⟨

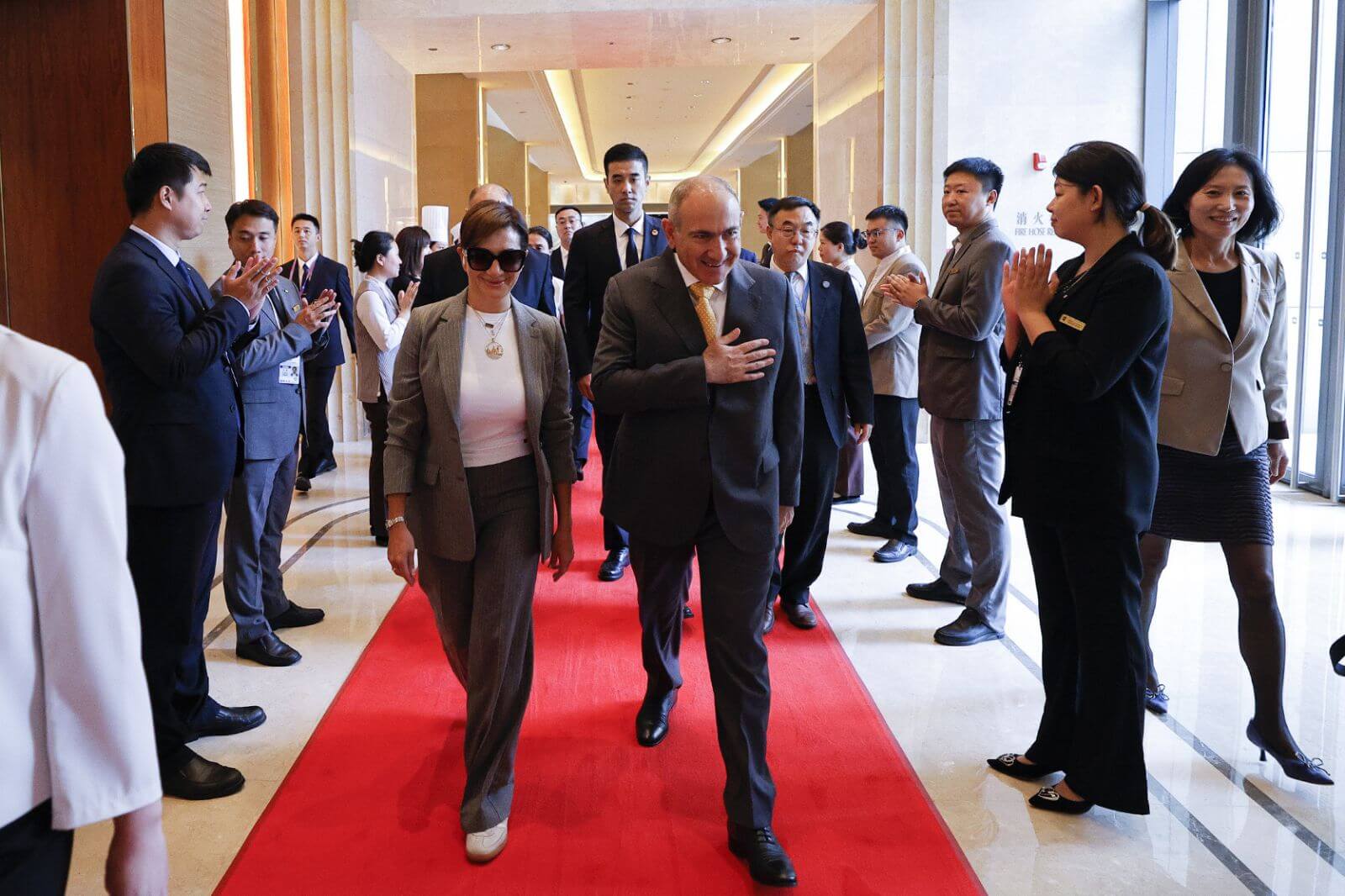 Վարչապետին և տիկնոջը Թիենծինից ճանապարհել է փոխքաղաքապետ Վան Սյուֆենգը, իսկ Պեկինում ՀՀ կառավարական պատվիրակությանը դիմավորել է Պեկինի Ազգային քաղաքական խորհրդակցական խորհրդի փոխնախագահ Յան Ինը:
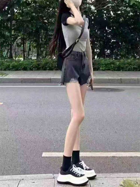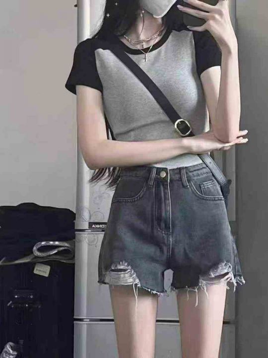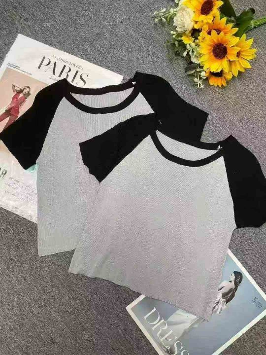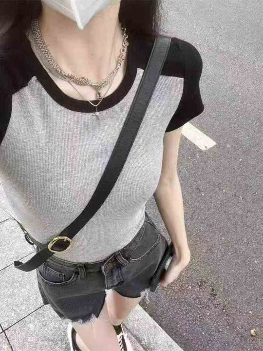 夏季新款辣妹插肩拼接撞色纯欲美式灰色针织T桖,独立...
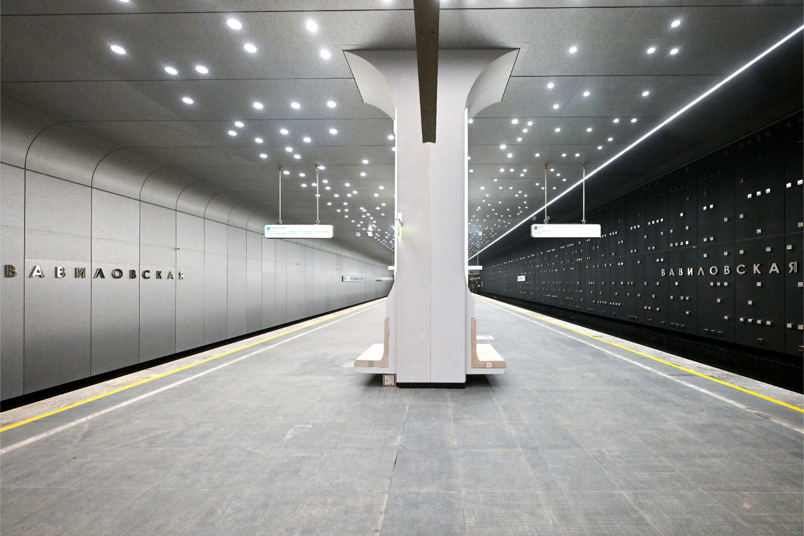 В оформлении платформы доминирует асимметричная композиция, где одна из путевых стен плавным изгибом переходит в плоскость потолка.
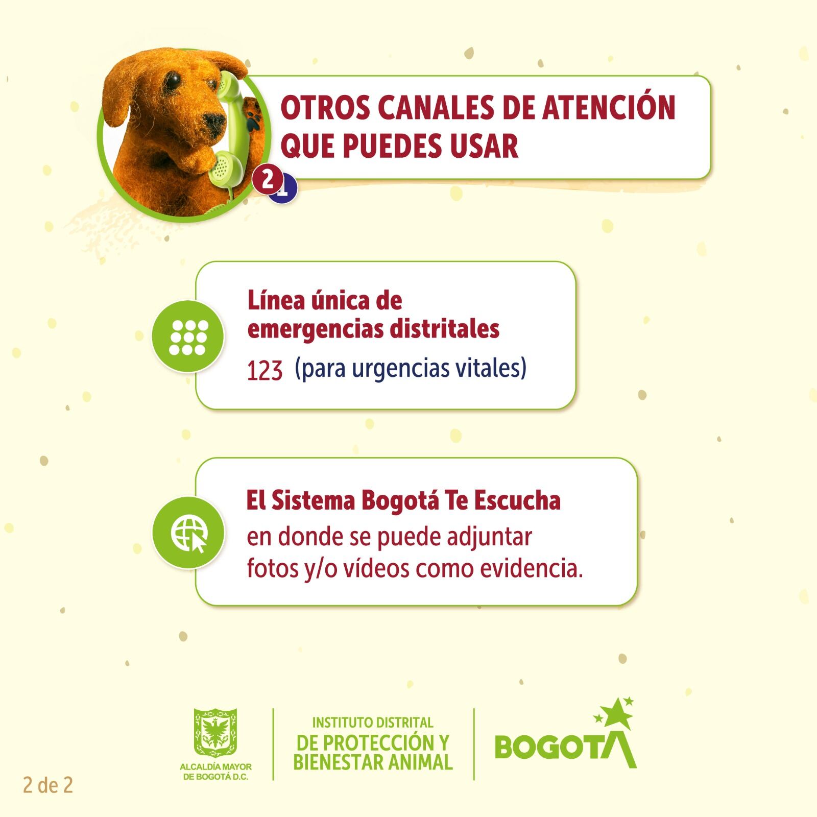 De acuerdo con la página web de la Alcaldía de Bogotá, el Instituto Distrital de Protección y Bienestar Animal de Bogotá (IDPYBA) es la entidad encargada de atender las denuncias que tengan relación con el maltrato físico, explotación, abandono, etc., de animales.

⟩

Repeat the data exactly as given. Keep every picture out of the copy.

* _ANSWER FOR THIS EXERCISE_
 Վարչապետին և տիկնոջը Թիենծինից ճանապարհել է փոխքաղաքապետ Վան Սյուֆենգը, իսկ Պեկինում ՀՀ կառավարական պատվիրակությանը դիմավորել է Պեկինի Ազգային քաղաքական խորհրդակցական խորհրդի փոխնախագահ Յան Ինը:
 夏季新款辣妹插肩拼接撞色纯欲美式灰色针织T桖,独立...
 В оформлении платформы доминирует асимметричная композиция, где одна из путевых стен плавным изгибом переходит в плоскость потолка.
 De acuerdo con la página web de la Alcaldía de Bogotá, el Instituto Distrital de Protección y Bienestar Animal de Bogotá (IDPYBA) es la entidad encargada de atender las denuncias que tengan relación con el maltrato físico, explotación, abandono, etc., de animales.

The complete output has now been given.